I am trying to help a friend that helped me. My friend is helping me with hounds for my Mtn Lion hunt on the boulders this winter. They are currently struggling with their bear tag on the fish lake unit. They are using dogs and have two weekends left. During scouting they had a couple located and were into plenty of sign.

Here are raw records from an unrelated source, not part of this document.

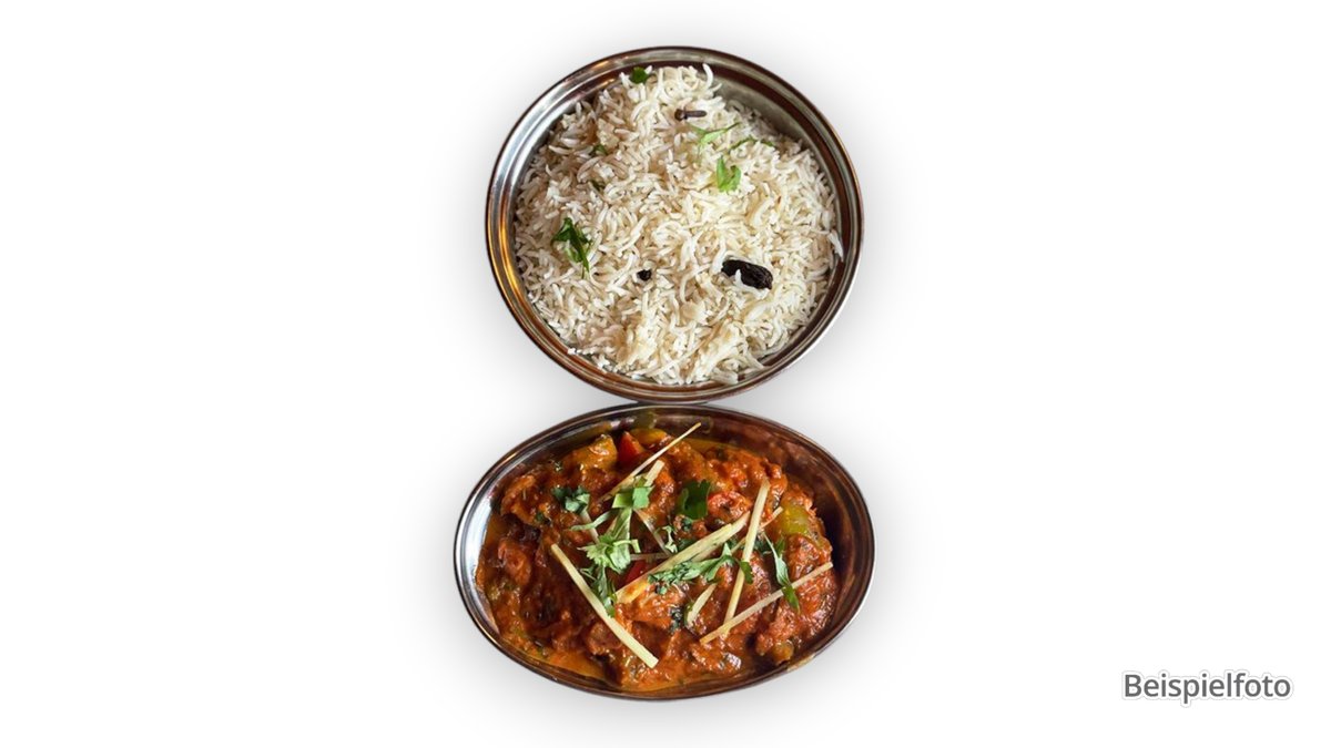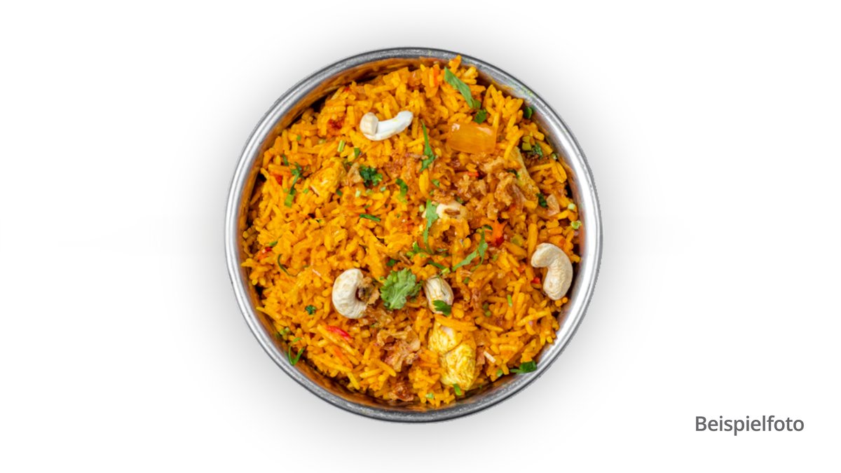Basmatireis mit Hähnchenfleisch, Gemüse und speziellen Gewürzen
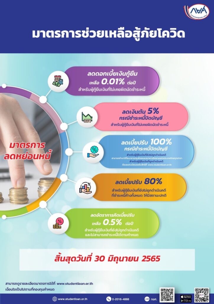 น.ส.ไตรศุลี ไตรสรณกุล รองโฆษกประจำสำนักนายกรัฐมนตรี กล่าวว่า จากที่กองทุนเงินให้กู้ยืมเพื่อการศึกษา หรือ กยศ.ได้มีมาตรการลดหย่อนหนี้ เพื่อเป็นการช่วยเหลือและให้โอกาสผู้กู้ยืมเงินที่ได้รับผลกระทบทางเศรษฐกิจจากสถานการณ์โรคติดเชื้อไวรัสโคโรนา 2019 หรือโควิด19 ซึ่งได้ขยายระยะเวลามาแล้ว 1 ครั้งและจะสิ้นสุดระยะเวลาที่ขยายในวันที่ 30 มิ.ย. 2565 รัฐบาลจึงขอเชิญชวนผู้กู้ยืมที่อยู่ระหว่างการชำระหนี้ ติดต่อเพื่อรับประโยชน์จากมาตรการก่อนระยะเวลาดังกล่าวจะสิ้นสุดลง
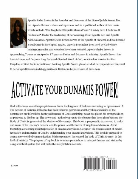 This book is purposed to expose and to make one aware of the enemy's devices and the power and the forces of kingdom of darkness. Avoid frustration concerning misinterpretation of dreams and visions. Consider the treasure chest of hidden revelation and mysteries of God by understanding your dreams and visions. This book is purposed to open a new world of communication. Misinterpretation has caused the body of Christ to error in this field of ministry. The purpose of my book is to train a person how to interpret dreams. and visions by using a biblical system that will make the interpretation accurate.

However, the bears have moved and they are currently struggling to find any sign right now. 

If anyone has any fresh leads on a bears whereabouts in the fishlake unit they would be very appreciative.


----------



## Kingfisher (Jul 25, 2008)

have not been there since the elk hunt but... we see bears on trail cams pretty regular if you go to the top of sawmill creek, drop off to the east into u.m. creek. in that area. north and west of the black flat um snotel site.


----------



## 3arabians (Dec 9, 2014)

Kingfisher said:


> have not been there since the elk hunt but... we see bears on trail cams pretty regular if you go to the top of sawmill creek, drop off to the east into u.m. creek. in that area. north and west of the black flat um snotel site.


I appreciate the response!! Thanks a bunch!

Sent from my SAMSUNG-SM-G891A using Tapatalk


----------



## Kevin D (Sep 15, 2007)

3arabians said:


> ..... During scouting they had a couple located and were into plenty of sign. However, the bears have moved and they are currently struggling to find any sign right now......


That's typical statewide with the November reopening of the bear hunt. As the weather cools food sources begin to dry up, bear metabolism starts to slow down, and the bear don't move as much. This time of year pregnant sows and sows with young cubs are already beginning to seek out dens for the winter, and boars are going to be about 3 weeks behind them depending on the area. November bear hunting in Utah has always been slim pickings compared to earlier months.

November food sources for bear are likely to be fallen acorns, bristlecone pine nuts, and scavenged kill sites. Areas containing these remaining food items is where I'd concentrate my search.


----------



## 3arabians (Dec 9, 2014)

Kevin D said:


> That's typical statewide with the November reopening of the bear hunt. As the weather cools food sources begin to dry up, bear metabolism starts to slow down, and the bear don't move as much. This time of year pregnant sows and sows with young cubs are already beginning to seek out dens for the winter, and boars are going to be about 3 weeks behind them depending on the area. November bear hunting in Utah has always been slim pickings compared to earlier months.
> 
> November food sources for bear are likely to be fallen acorns, bristlecone pine nuts, and scavenged kill sites. Areas containing these remaining food items is where I'd concentrate my search.


I did not know that. Thanks, I'll pass this on.

Sent from my SAMSUNG-SM-G891A using Tapatalk


----------